Doxogenes philodoxa

Scientific classification
- Domain: Eukaryota
- Kingdom: Animalia
- Phylum: Arthropoda
- Class: Insecta
- Order: Lepidoptera
- Family: Lecithoceridae
- Genus: Doxogenes
- Species: D. philodoxa
- Binomial name: Doxogenes philodoxa (Meyrick, 1908)
- Synonyms: Tingentera philodoxa Meyrick, 1908;

= Doxogenes philodoxa =

- Authority: (Meyrick, 1908)
- Synonyms: Tingentera philodoxa Meyrick, 1908

Species of moth

Doxogenes philodoxa is a moth in the family Lecithoceridae. It was described by Edward Meyrick in 1908. It is found in Sri Lanka.

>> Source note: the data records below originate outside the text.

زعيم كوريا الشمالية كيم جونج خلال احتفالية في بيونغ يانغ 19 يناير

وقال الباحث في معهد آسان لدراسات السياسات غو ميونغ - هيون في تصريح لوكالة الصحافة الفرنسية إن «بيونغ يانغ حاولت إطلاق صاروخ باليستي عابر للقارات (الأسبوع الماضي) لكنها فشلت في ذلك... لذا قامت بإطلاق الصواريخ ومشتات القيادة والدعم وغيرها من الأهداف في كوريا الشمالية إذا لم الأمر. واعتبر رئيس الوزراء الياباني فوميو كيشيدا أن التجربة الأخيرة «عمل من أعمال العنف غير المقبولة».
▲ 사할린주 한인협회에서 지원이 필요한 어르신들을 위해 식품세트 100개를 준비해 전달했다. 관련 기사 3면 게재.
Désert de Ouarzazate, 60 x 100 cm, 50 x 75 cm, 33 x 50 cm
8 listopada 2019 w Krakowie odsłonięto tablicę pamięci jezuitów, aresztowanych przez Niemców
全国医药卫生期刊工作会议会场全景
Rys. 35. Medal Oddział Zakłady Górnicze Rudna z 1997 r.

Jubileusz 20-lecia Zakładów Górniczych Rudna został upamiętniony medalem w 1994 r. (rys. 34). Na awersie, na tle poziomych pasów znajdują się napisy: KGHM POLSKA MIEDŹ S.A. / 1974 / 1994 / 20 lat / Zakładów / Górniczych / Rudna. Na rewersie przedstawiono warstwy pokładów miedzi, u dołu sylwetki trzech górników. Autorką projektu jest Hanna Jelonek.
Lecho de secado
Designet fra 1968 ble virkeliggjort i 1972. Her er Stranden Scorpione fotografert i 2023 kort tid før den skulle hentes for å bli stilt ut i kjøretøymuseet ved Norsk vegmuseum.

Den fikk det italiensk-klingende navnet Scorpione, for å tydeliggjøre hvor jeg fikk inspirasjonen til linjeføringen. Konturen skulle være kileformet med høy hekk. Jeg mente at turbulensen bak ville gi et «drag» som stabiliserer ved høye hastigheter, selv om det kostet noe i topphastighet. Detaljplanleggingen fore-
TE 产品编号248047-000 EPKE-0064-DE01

The wingspan is about 20 mm. The forewings are orange, posteriorly mixed with dark purplish-fuscous suffusion and with a narrow dark blue-leaden-metallic streak from the base of the costa to the disc at one-third, then bent downwards and irregularly thickened to the dorsum before the tornus. There is a dark purplish-fuscous streak along the dorsum from near the base, containing a leaden-metallic streak, running into this posteriorly and there is also a triangular suffused dark purplish-fuscous patch in the disc beyond two-thirds, confluent beneath with these streaks. The termen is suffused with deep bronzy purple. The hindwings are blackish fuscous.